Problem details –
Emit the data below verbatim, stripping out any pictures.

Supplied information –
■ ■ ■ ■ ■

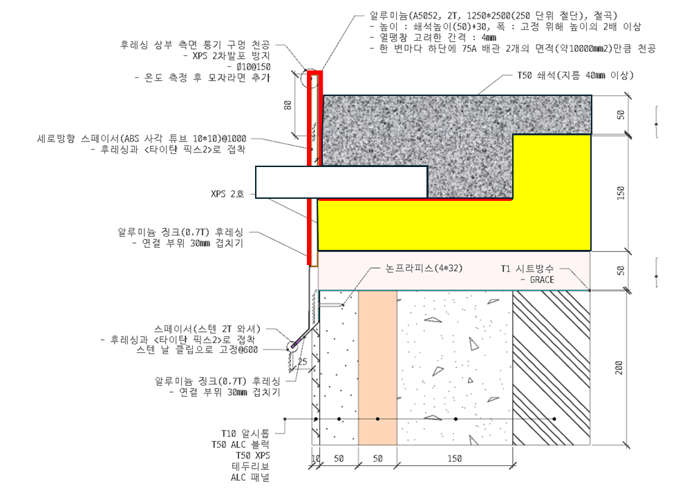 위 그림에서 빨간색 부위에 XPS와 후레싱을 붙이면 XPS의 2차발포가 예상되어서, XPS와 후레싱 사이에 11mm의 중공층을 둔 그림입니다.
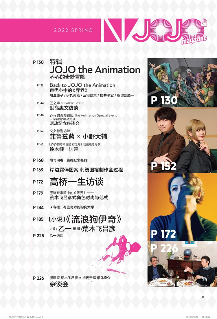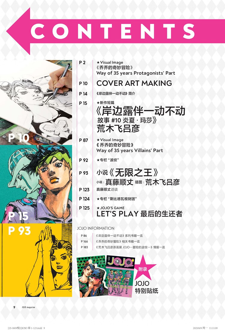 本书是集英社为配合JOJO系列连载35周年做的特殊企划。邀请了作者荒木飞吕彦执笔创作“岸边露伴”系列新漫画,同时采访了与动画创作相关的声优、制作人等,特别是承太郎和徐伦父女俩的特别企划,揭露了非常多制作内幕。除此之外,本杂志还收录乙一创作的衍生小说《流浪狗伊奇》片段,及高桥一生专访。
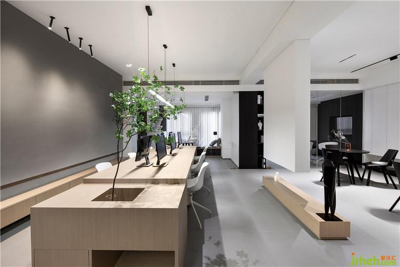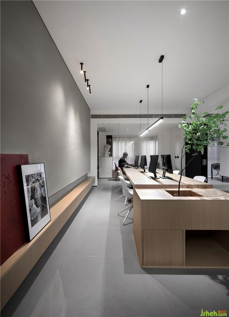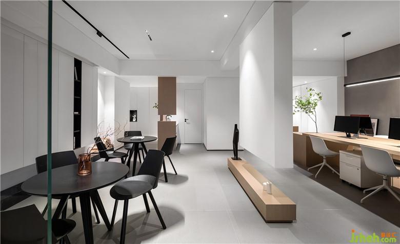 本案戶型原為兩個同戶型公寓,把中間墻體打通,做成半藏半顯隔斷,分為兩個區(qū)域,洽談區(qū)和辦公區(qū),視覺有連貫又有相對安全空間。

■ ■ ■ ■ ■

Worked solution –
 위 그림에서 빨간색 부위에 XPS와 후레싱을 붙이면 XPS의 2차발포가 예상되어서, XPS와 후레싱 사이에 11mm의 중공층을 둔 그림입니다.
 本书是集英社为配合JOJO系列连载35周年做的特殊企划。邀请了作者荒木飞吕彦执笔创作“岸边露伴”系列新漫画,同时采访了与动画创作相关的声优、制作人等,特别是承太郎和徐伦父女俩的特别企划,揭露了非常多制作内幕。除此之外,本杂志还收录乙一创作的衍生小说《流浪狗伊奇》片段,及高桥一生专访。
 本案戶型原為兩個同戶型公寓,把中間墻體打通,做成半藏半顯隔斷,分為兩個區(qū)域,洽談區(qū)和辦公區(qū),視覺有連貫又有相對安全空間。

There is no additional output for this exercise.